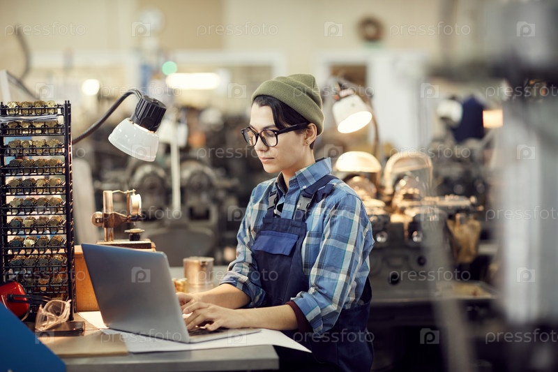 Серьезная квалифицированная фабричная девушка в очках, сидящая за столом и записывающая записи на ноутбуке во время работы на часовом заводе
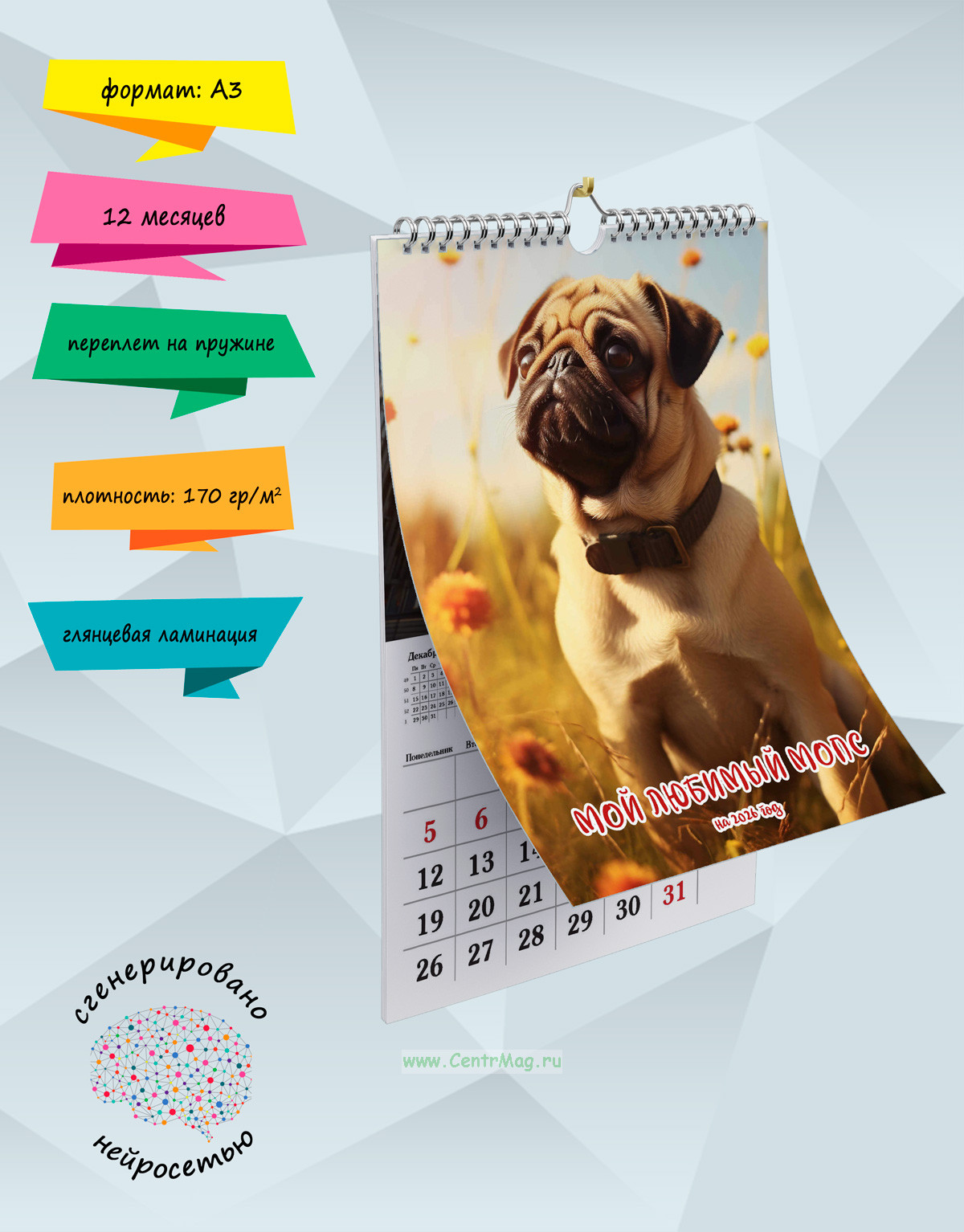 Календарь содержит изображения очаровательных мопсов. Обложка нарисована с помощью искусственного интеллекта. Мы подготовили для вас прекрасных 12 иллюстраций.
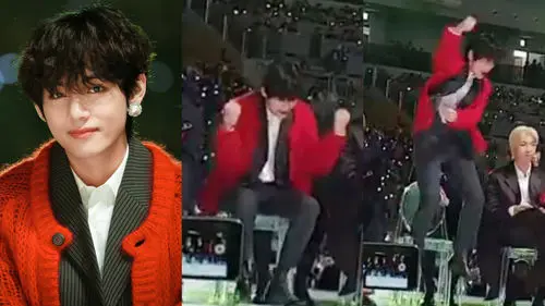 V made a yes gesture, then jumped right out of his seat with the brightest smile on his face.
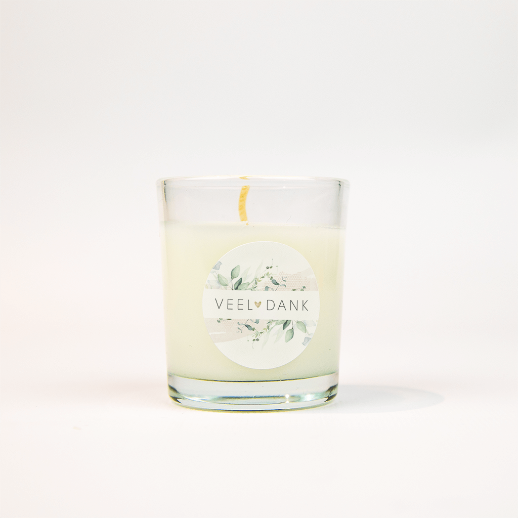 Sticker met "Veel dank", watercolor takjes en gouden hartje - 25 stuks
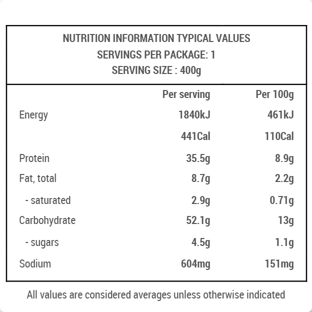 From Spain to NZ, our paella is cooked with paprika spiced chicken, chorizo, peas and capsicum and simmered in a fresh chicken stock.
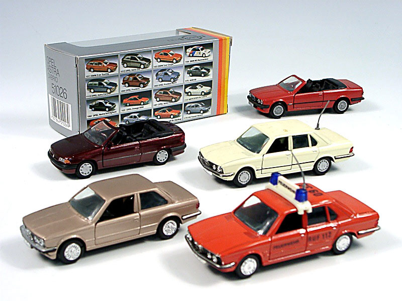 miniatures reproduisant les marques : OPEL & BMW - un modèle avec boîte & un autre avec panonceau 'TAXI' manquant
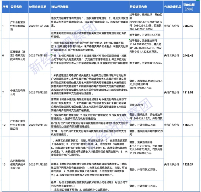 2025年8家被罚500-1000万的支付机构(含责任人被罚金额)制表:新经济观察团
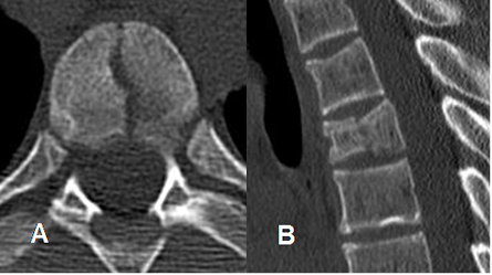 A: TAC axial y B: TAC reconstrucción sagital. Fractura con compromiso de la columna anterior y media, quedando el cuerpo vertebral dorsal dividido en 2 mitades.

------------------------------------------------

▶ **PROBLEM**:
Copy the listing exactly. Leave the pictures out.

▶ **RESULT BELOW**:
 Серьезная квалифицированная фабричная девушка в очках, сидящая за столом и записывающая записи на ноутбуке во время работы на часовом заводе
 Календарь содержит изображения очаровательных мопсов. Обложка нарисована с помощью искусственного интеллекта. Мы подготовили для вас прекрасных 12 иллюстраций.
 V made a yes gesture, then jumped right out of his seat with the brightest smile on his face.
 Sticker met "Veel dank", watercolor takjes en gouden hartje - 25 stuks
 From Spain to NZ, our paella is cooked with paprika spiced chicken, chorizo, peas and capsicum and simmered in a fresh chicken stock.
 miniatures reproduisant les marques : OPEL & BMW - un modèle avec boîte & un autre avec panonceau 'TAXI' manquant
 2025年8家被罚500-1000万的支付机构(含责任人被罚金额)制表:新经济观察团
 A: TAC axial y B: TAC reconstrucción sagital. Fractura con compromiso de la columna anterior y media, quedando el cuerpo vertebral dorsal dividido en 2 mitades.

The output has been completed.